What’s my conclusion on Tech? There is enormous value out there – but it should be in the detail, in the new firms, the new innovations and inventions that will change the world.. Not in milking mature old ideas. There are areas where the world is genuinely advancing. In the next few years we will see enormous gains in real things from AI – like health care, cracking fusion, improved services, from battery tech – potentially even an electric plane and solving the multiple BEV inconsistencies, and in whole new sectors we haven’t yet spotted…

Social Media? Not so sure. It’s now packed and disinteresting. Linked-in is the only one I follow with genuine interest. That’s got serious implications on how Meta continues to monetise itself – all it really is a collector of multiple individual points to advertise to. The more easy it is to avoid becoming an advertising point, the less relevance it has.
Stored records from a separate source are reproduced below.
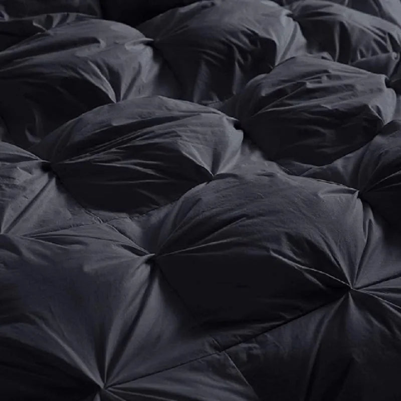 UNIQUE BLACK Pinch Pleat design brings elegant style and timeless good looks. Luxury down feather fiber comforter is soft, fluffy, warm, breathable, noiseless, medium weight for year-round comfort.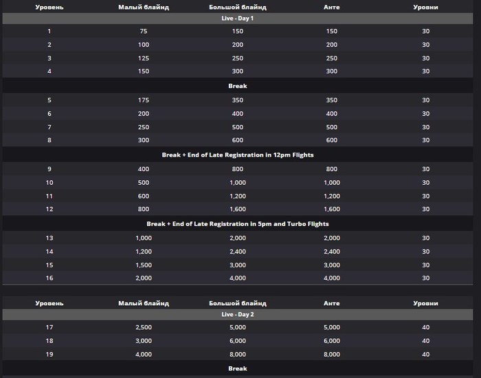 Онлайн день состоит из 16 уровней по 12 минут каждый. Вы начнёте игру со стеком 30,000 и с блайндов 75/150.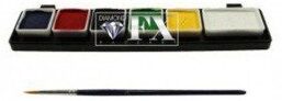 Tavolozza 6 colori Essenziali Mini è ideale per il primo approccio al trucca bimbi, facepainting. Economica, pratica, essenziale e di alta qualità, La palette è composta da: -un contenitore in plastica con coperchio; -1 Pennello; -6 colori Essenziali ( Giallo, Verde, Nero, Bianco, Rosso, Blu), materiali fondamentali per iniziare. Utilizzati dai migliori truccatori a livello professionale sia in Italia che all’estero e dispongono del doppio certificato EU ed FDA. I colori Diamond Fx necessitano di una piccola quantità di acqua e possono essere applicati sia con la spugna che con il pennello. Tutti i prodotti si possono rimuovere dal viso o dal corpo con un po’ di acqua e sapone. Tenere lontano dalla portata di bambini di età inferiore ai 36 mesi a causa di piccole parti che possono causare soffocamento. Conservare in luogo fresco ed asciutto e chiuso dal coperchio quando il prodotto non viene utilizzato. Tutti i cosmetici possono, in rare occasioni, causare reazioni allergiche. Questo prodotto non deve essere applicato su pelle spaccata , irritata o sensibile.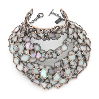 Giorgio VIGNA (born 1955). Large necklace in the shape of a collar, in blackened silver (925‰) and Murano Salviati iridescent glass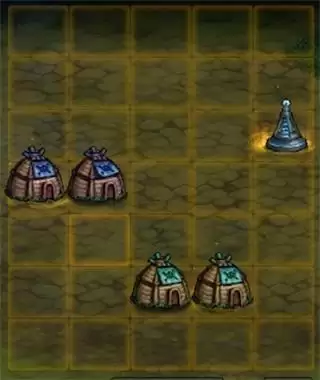 1-4的牛头械王需要我们手动三消,在进入关卡之前,我们将阵容变更为2个哥布林营地和2个沃利的小屋。这样可以发挥出三消的最大价值。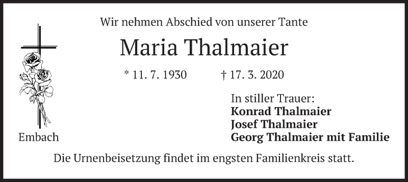 Hier finden Sie alle Traueranzeigen aus der Zeitung, die bisher für Maria Thalmaier erschienen sind. Weitere Traueranzeigen, die in der Zeitung erscheinen, werden hier ebenfalls aufgelistet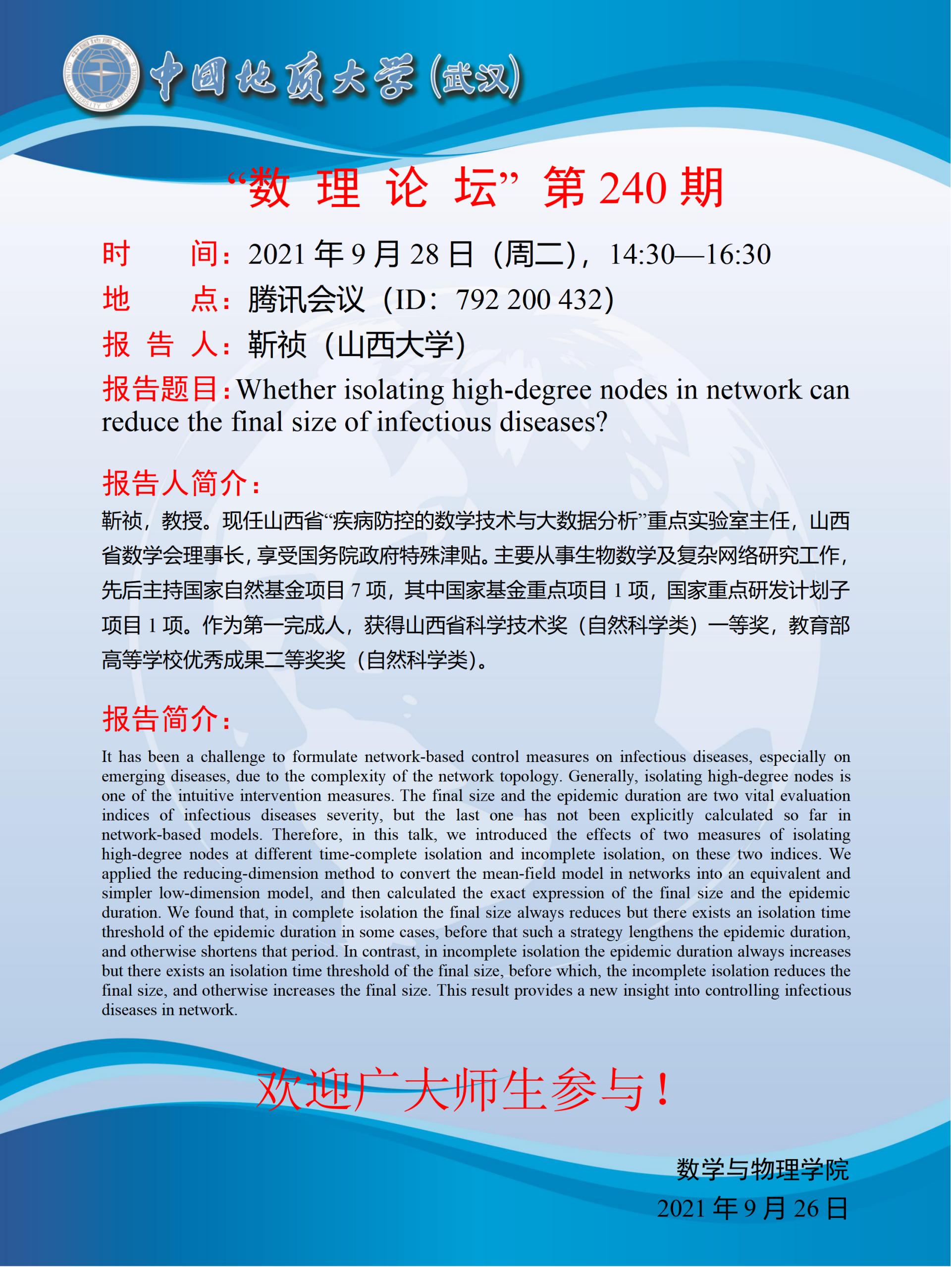 "数理论坛"第240期:Whether isolating high-degree nodes in network can reduce the final size of infectious diseases?

I also reckon the market is overly rosy on the future of tech – accentuating the positive and eliminating the negative has taken hold these last 15 years – fuelled by a belief only tech can move us forward. But that’s the point: the reality is new tech moves us forward… not old stuff that’s generally past its sell by date

Five Things to Read This Morning

Businessweek                         What if the next Big Social Media App is…. Nothing?
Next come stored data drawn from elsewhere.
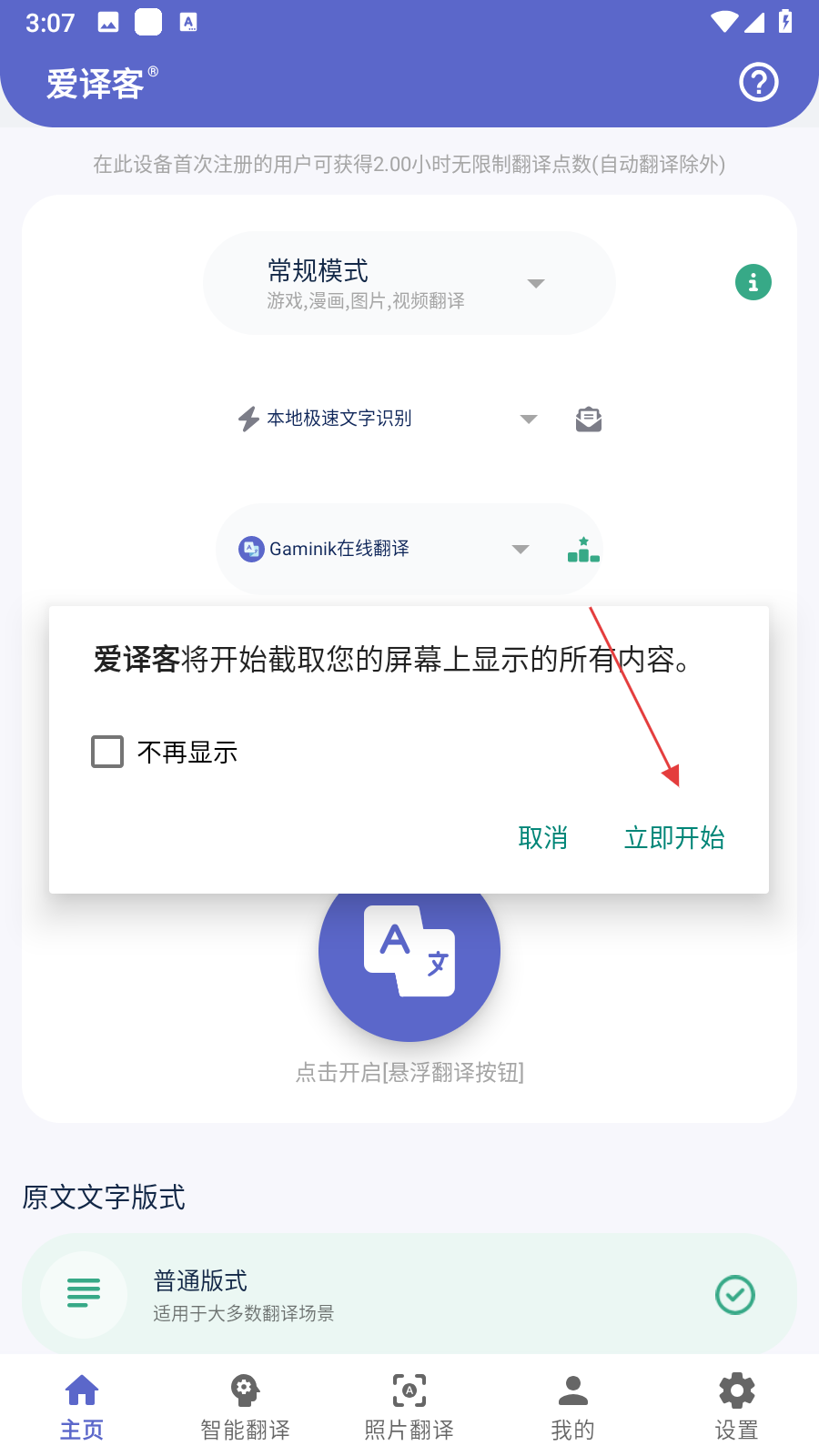 3、同意后,會彈出提示框,點擊立即開始,開啟屏幕截取功能。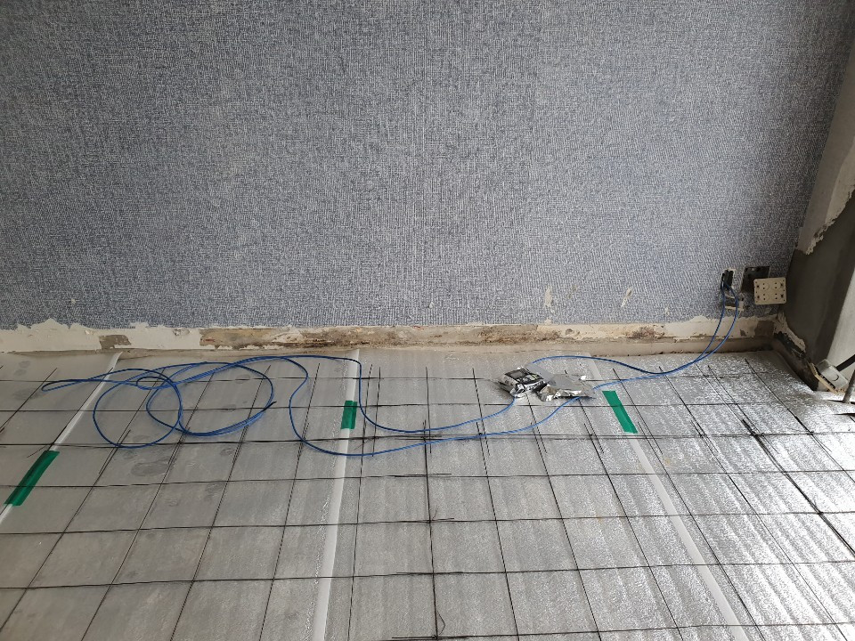 시멘트로 미장을 하기전에 바닥으로 전기선 깔기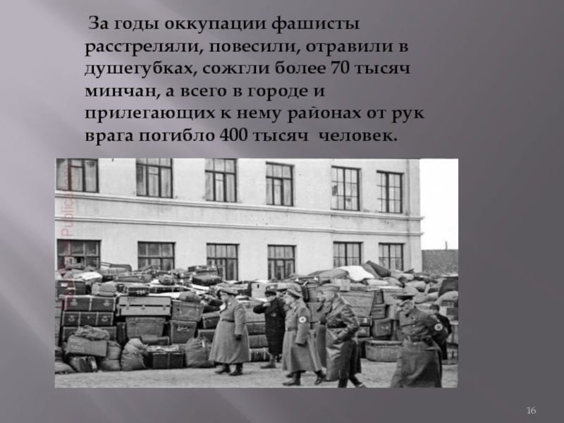 Слайд 16 За годы оккупации фашисты расстреляли, повесили, отравили в душегубках, сожгли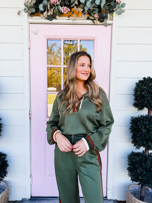 First Place Stripe Trimmed Elastic Waist Pant - Olive

BBerg                                      Bank of America Is Using AI and Metaverse to Train New Hires

WSJ                                         Is the Banking Crisis Over? We Are About to Find Out

FT                                            Has the global trade recession already started?

Torygraph                                Limitless “white” hydrogen under our feet may shatter energy assumptions

I’m off on holiday next week – will get the lap top out if anything exciting happens..
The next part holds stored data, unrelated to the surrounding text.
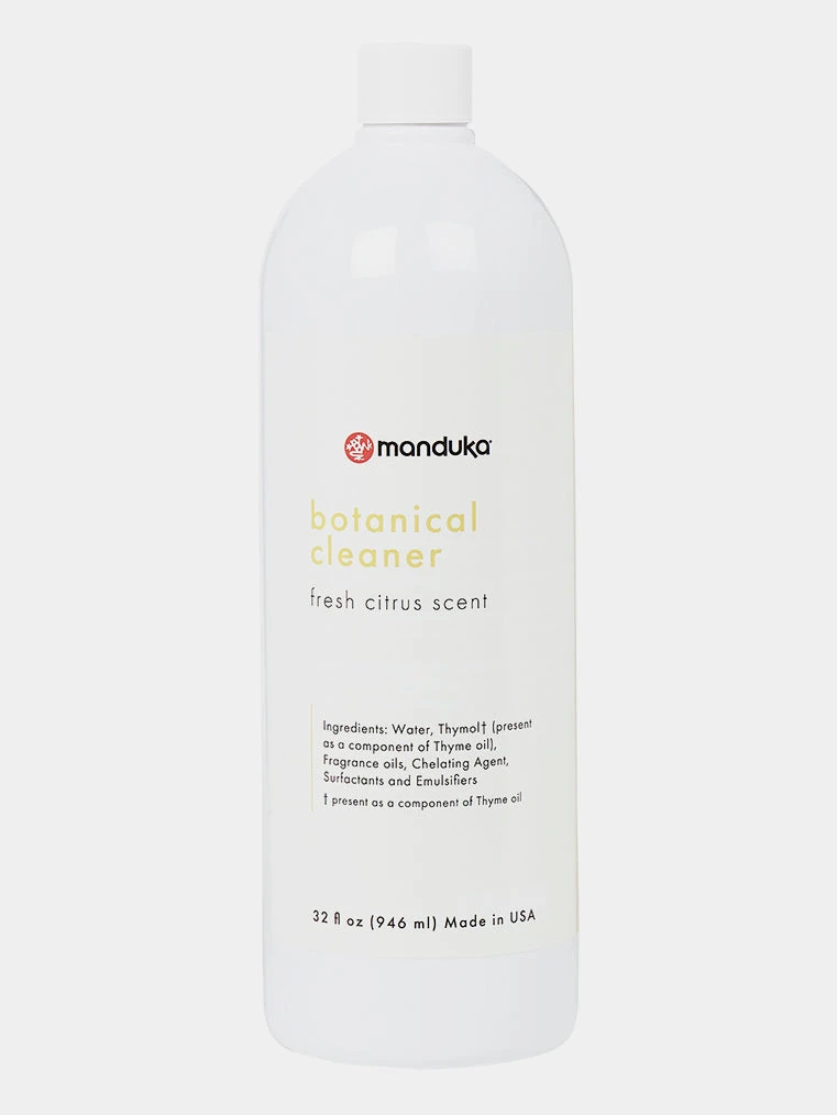 The Botanical Cleaner is safe for all mat types except the Manduka grp series (or any polyurethane mat), which is a porous (open-cell) surface. Use Botanical Cleaner as directed only on non-porous (closed-cell) surfaces. Visible soil must be removed before applying cleaning solution.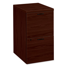 Mobile pedestal features two file drawers and a woodgrain laminate finish. Each file drawer stores letter-size and legal-size files (sold separately). Hangrails are provided in all file drawers for side-to-side, letter-size and legal-size filing; and front-to-back for letter-size filing. Both locking file drawers have HON "One Key" interchangeable core-removable lock and hangrails for hanging folders. Drawers operate on ball-bearing suspension with full extension. Use pedestal freestanding or under 29-1/2" high workstations. Adjustable hex leveling glides with a 3/4" adjustable range allow the pedestal to be easily leveled without lifting the unit. Pedestal is certified by SCS to be in compliance with specific indoor air-quality emission requirements and meets or exceeds applicable ANSI/BIFMA standards.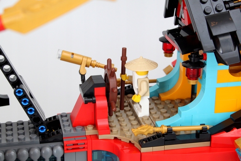 - Дирижабль поставляется с минифигурками Мастера Ву, Арина, Соры, Ллойда, Кая и Рэптона, каждый из которых вооружен как минимум одним оружие для ролевых сражений.

Out of time, back to the day job, and have a great weekend.

Bill Blain

Strategist – Shard Capital

2 Comments

  1. While you look to the future…

    I have been away for a couple of days so I’ve only just caught up with Thursday’s edition. I noted your “sales pitch“ for the UK. And was reminded of the last lines to Alan Bennett’s first play –40 YEARS ON.

    “TO LET

    A valuable site at the crossroads of the world. At present on offer to European clients. Outlying portions of the estate already disposed of to sitting tenants
    Some alterations and improvements necessary.”

    Written in 1968 .

  2. Valuation Question – Today’s Porridge.

    Our initial, and very sensible, instinct is that we ought to use an achievement frame—and emphasize the deals done, the sales achieved the costs cut.

    But in a fascinating and wide-ranging 2012 paper, Zakary Tormala and Jayson Jia of Stanford University and Michael Norton of the Harvard Business School suggest a different approach. What we really should do, they say, is emphasize our potential. For example, these researchers put participants in the role of a National Basketball Association general manager tasked with awarding contracts to players. Some participants had to offer a contract to a player with five years of experience who had produced some impressive stats. Others had to offer a contract to a rookie who was projected to produce those same statistics during his first five seasons of play. Participants, on average, gave the veteran player with solid numbers a salary of over four million dollars for his sixth year. But they said that for the rookie’s sixth season, they’d expect to pay him more than five million dollars. Likewise, the researchers tested two different Facebook ads for the same comedian. Half the ads said the comedian, Kevin Shea, “could be the next big thing.” The other half said, “He is the next big thing.” The first ad generated far more click-throughs and likes than the second. The somewhat peculiar upshot of the research, the scholars write, is that “the potential to be good at something can be preferred over actually being good at that very same thing.”

    People often find potential more interesting than accomplishment because it’s more uncertain, the researchers argue. That uncertainty can lead people to think more deeply about the person they’re evaluating—and the more intensive processing that requires can lead to generating more and better reasons why the person is a good choice.